Ying, Zhu, Lv et al.
As the scope and impact of cyber threats have expanded, analysts utilize audit logs to hunt threats and investigate attacks. The provenance graphs constructed from kernel logs are increasingly considered as an ideal data source due to their powerful semantic expression and attack historic correlation ability. However, storing provenance graphs with traditional databases faces the challenge of high storage overhead, given the high frequency of kernel events and the persistence of attacks. To address this, we propose Dehydrator, an efficient provenance graph storage system. For the logs generated by auditing frameworks, Dehydrator uses field mapping encoding to filter field-level redundancy, hierarchical encoding to filter structure-level redundancy, and finally learns a deep neural network to support batch querying. We have conducted evaluations on seven datasets totaling over one billion log entries. Experimental results show that Dehydrator reduces the storage space by 84.55%. Dehydrator is 7.36 times more efficient than PostgreSQL, 7.16 times than Neo4j, and 16.17 times than Leonard (the work most closely related to Dehydrator, published at Usenix Security'23).
academic

DEHYDRATOR: Enhancing Provenance Graph Storage via Hierarchical Encoding and Sequence Generation

Basic Information

  • Paper ID: 2501.00446
  • Title: DEHYDRATOR: Enhancing Provenance Graph Storage via Hierarchical Encoding and Sequence Generation
  • Authors: Jie Ying, Tiantian Zhu*, Mingqi Lv, Tieming Chen (Zhejiang University of Technology)
  • Classification: cs.CR (Cryptography and Security)
  • Published Journal: IEEE Transactions on Information Forensics and Security
  • Paper Link: https://arxiv.org/abs/2501.00446

Abstract

As the scope and impact of cyber threats expand, analysts leverage audit logs to track threats and investigate attacks.
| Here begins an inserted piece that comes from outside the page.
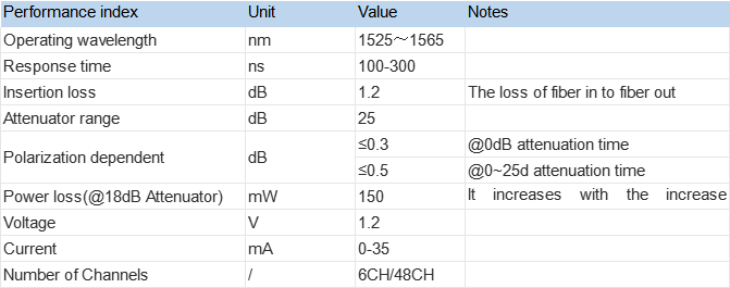 It has the ability to support Dark light, lower power consumption and faster switching speed. Silicon-based VOA array device is an all-solid-state chip, with a response speed of hundred nanosecond level, eight-channel monolithic integration, low power consumption, to meet the requirements of optical transmission, optical sensing system for optical attenuator high-speed response, miniaturization, high reliability. Its response speed is 4 orders of magnitude higher than that of traditional VOA, reaching 100ns level, making it possible to quickly control optical power in WDM optical network. In addition, its ultra-low optical loss can meet the requirements of civil optical network applications, its extremely high integration helps to greatly reduce the module size, and its pure solid-state waveguide chip makes it have excellent reliability.

Provenance graphs constructed from kernel logs are increasingly viewed as ideal data sources due to their powerful semantic expressiveness and ability to correlate attack histories. However, due to the high frequency of kernel events and the persistence of attacks, storing provenance graphs using traditional databases faces challenges of high storage overhead. To address this issue, this paper proposes DEHYDRATOR, an efficient provenance graph storage system. For logs generated by audit frameworks, DEHYDRATOR uses field-mapping encoding to filter field-level redundancy, hierarchical encoding to filter structure-level redundancy, and finally trains deep neural networks to support batch queries. Evaluated on seven datasets comprising over one billion log entries in total, experimental results demonstrate that DEHYDRATOR reduces storage space by 84.55%, achieving 7.36× efficiency over PostgreSQL, 7.16× over Neo4j, and 16.17× over Leonard.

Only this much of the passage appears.